But according to the Sydney Morning Herald, the need of the hour for cricketing fraternities in both countries is for great and skilled statesmen.

The paper goes on to say that cricket doesn't need Howard. It needs Mandela.

It says that what has been happening lately on Victorian streets, in parks and at train stations, and the manner of the portrayal of these incidents in sections of the Indian media, are in parallel with the events that saw India's cricket team threaten to abort its Australian tour two summers ago.

This is not to say the behaviour of Australia's cricketers towards their opponents was ever violent.
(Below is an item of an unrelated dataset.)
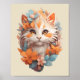 Póster Naranja lindo Floral Kitty Cat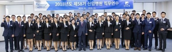 JB금융그룹 전북은행(은행장 임용택)은 지난 12일 전북은행 본점 연수원에서 2018년 신입행원 연수 입교식을 갖고 인재육성을 위한 직무연수에 들어갔다.

It was, however, rough house within the context of the cricket field to the extent that the Indian team took serious offence.

India's widely admired captain of the time, Anil Kumble, even paraphrased one of Australia's most admired cricket leaders, Bill Woodfull, in suggesting there were two teams on the ground and only one was playing cricket.

This paper's cricket columnist, Peter Roebuck, went so far as to call for the sacking of Ricky Ponting as Australian captain.

Roebuck drew much criticism for the ferocity of his attack, many critics regarding him as an anti-Australian pom.

Whatever the behaviour of any of the Australian players, India's response was inflated and unjustifiable.

When its spin bowler, Harbhajan Singh, was found guilty of racially abusing Andrew Symonds and suspended for three Test matches, the Indians threatened to call off the tour and return home. Even worse, they saw to it that West Indian umpire Steve Bucknor was removed from duty for the following Test in Perth.

Significantly, the rights and wrongs of this unpleasant episode remain hard to define to the present day.

The sorts of issues this particular incident aroused are not unique to contests between Australia and India.

Such suspicion between the nations of Australia and India generally has broadened lately due to repeated incidents of violence against Indians on Melbourne's streets. Clearly there is no justification for these occurrences. Unlike the methods of Australian cricket teams, these can be condemned unambiguously. (ANI)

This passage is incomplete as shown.